→ **Supplied data**:
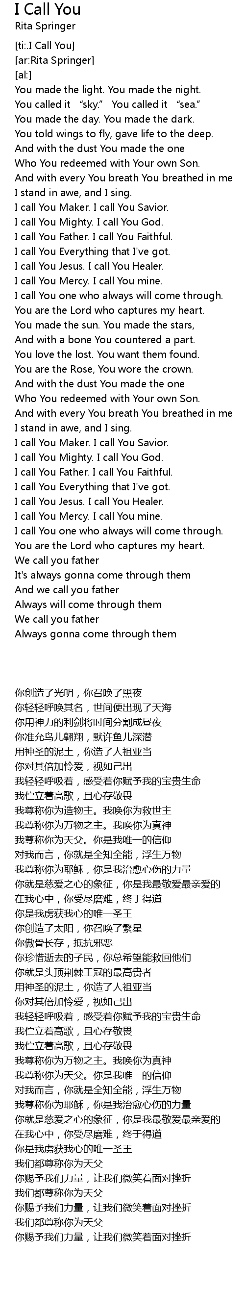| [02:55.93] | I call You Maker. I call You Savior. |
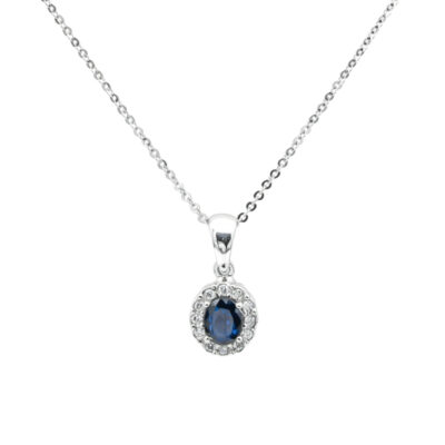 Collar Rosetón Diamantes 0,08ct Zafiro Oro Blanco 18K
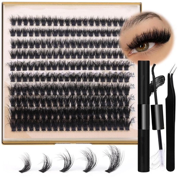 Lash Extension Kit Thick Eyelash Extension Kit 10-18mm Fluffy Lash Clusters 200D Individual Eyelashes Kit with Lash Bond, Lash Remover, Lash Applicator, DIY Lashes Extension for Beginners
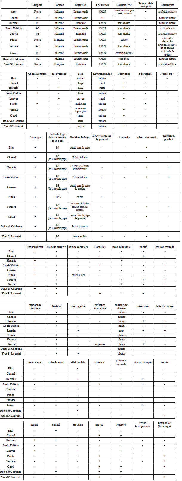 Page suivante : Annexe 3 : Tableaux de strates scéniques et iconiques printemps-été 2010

--

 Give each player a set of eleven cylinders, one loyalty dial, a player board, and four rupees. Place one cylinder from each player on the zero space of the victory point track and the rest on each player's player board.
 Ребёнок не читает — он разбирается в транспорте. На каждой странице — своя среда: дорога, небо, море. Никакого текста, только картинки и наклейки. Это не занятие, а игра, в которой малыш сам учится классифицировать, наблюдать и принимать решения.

→ **Work required**:
A clean copy is needed of the lines above from the one with "You Savior. |" up to and including the one with "Collar Rosetón Diamantes". Please set it down exactly, with no pictures.

→ **Worked solution**:
| [02:55.93] | I call You Maker. I call You Savior. |
 Collar Rosetón Diamantes 0,08ct Zafiro Oro Blanco 18K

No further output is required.